In a previous post we already wrote about our experiences with structure tagging and described the tools that go with it. But for most users (e.g. in edition projects) enriching texts with additional content information is even more important. To add tags to a transcription you can use the tagging tools in the tab “Metadata”/”Textual” in Transkribus.

Here you can see the available tags as well as those that have already been applied to the text of the page. With the Customize button you can create your own tags or add shortcuts to existing tags, just like with structure tagging. The shortcuts allow for easier and faster tagging in the transcript. If you want to do without shortcuts, you have to mark the respective words in the text (not in the image) and select the desired tag with a right click. Of course a word can be tagged several times.

These tags should not be confused with the so-called TextStyles (for example, crossed out or superscript words). They are not accessible below the tags but via the toolbar at the bottom of the text window.

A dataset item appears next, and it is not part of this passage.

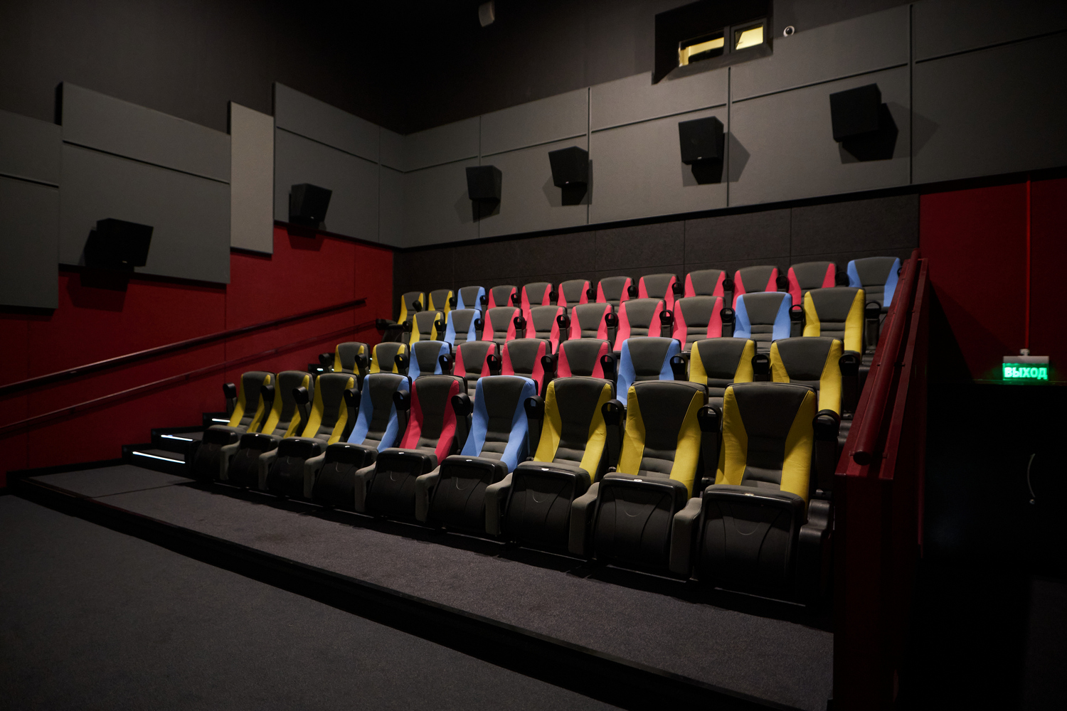 9 зал – 39 кресел разных ярких веселых цветов

Posted by Dirk Alvermann on

Tagging: what for? – when and why tagging makes sense

Tagging allows – in addition to content indexing by HTR – systematic indexing of the text by the later user. In contrast to an HTR model that does its work independently, tagging has to be done mostly by hand, which means that it requires a lot of effort. Therefore, a realistic effort analysis should be carried out before developing far-reaching plans regarding tagging.

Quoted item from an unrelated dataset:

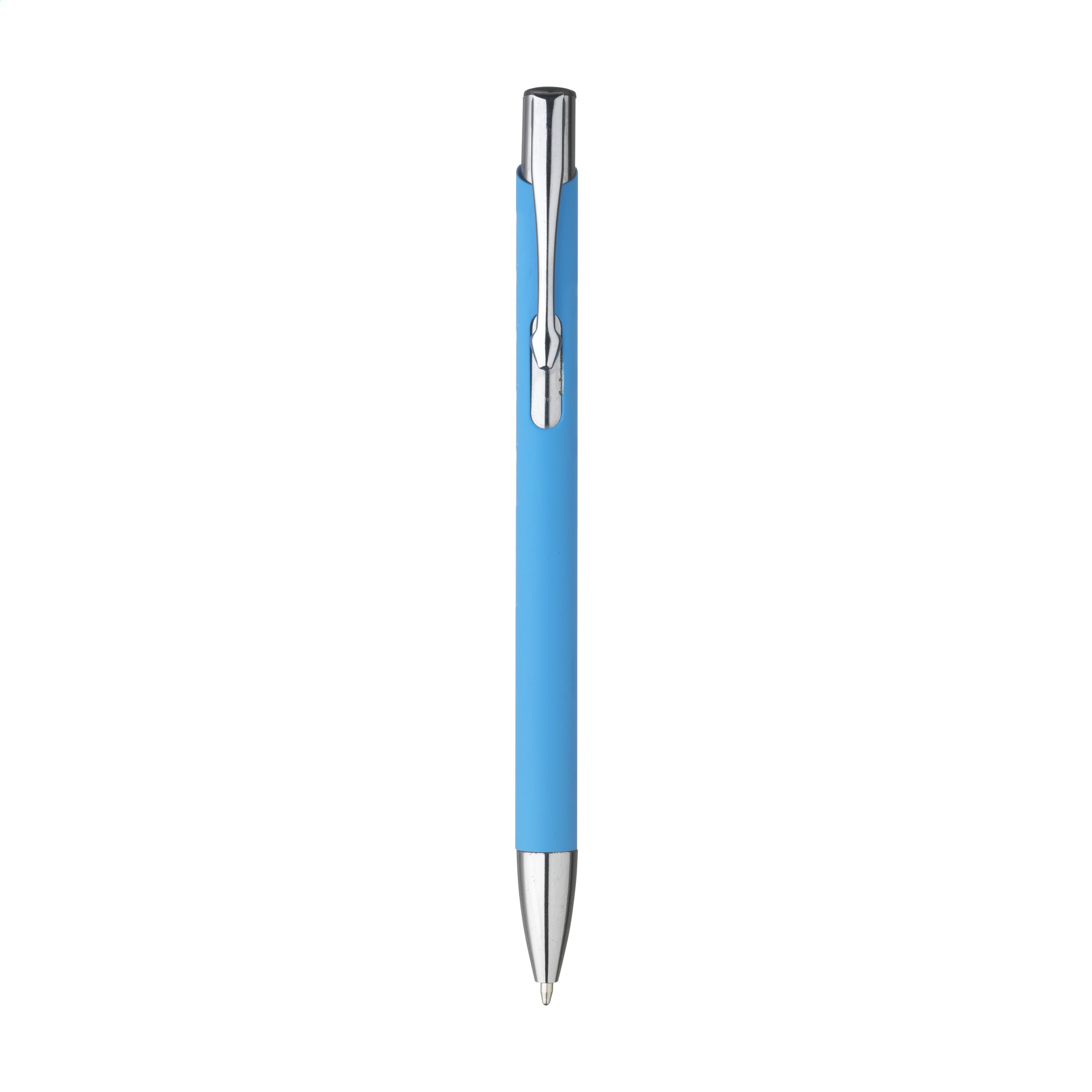 Beschreibung: Blauschreibender Aluminium-Kugelschreiber mit Metallclip. Der Halter ist mit einer schönen gummierten Oberfläche versehen. Durch den einteiligen Halter bietet dieser Stift Platz für einen großen Aufdruck.

Due to the amount of material processed in our project, we primarily use tagging where it helps us in the practical work on the text. This is the case with structure tagging, where the layout analysis is improved with the help of the tagging and the P2PaLA developed from it, and then of course also with the tagging of textstyles in case of deletions and blackening. This is where tagging is basically used “area-wide” by us. A fixed component of our transcription rules is also the use of the “unclear” tag for passages that cannot be read correctly by the transcriber. In this case, the tag is used more for internal team communication.

For the systematic preparation of texts for which an HTR has already been performed, we are experimenting with the “person” and “place” tags in order to offer systematic indexing, at least in this limited form.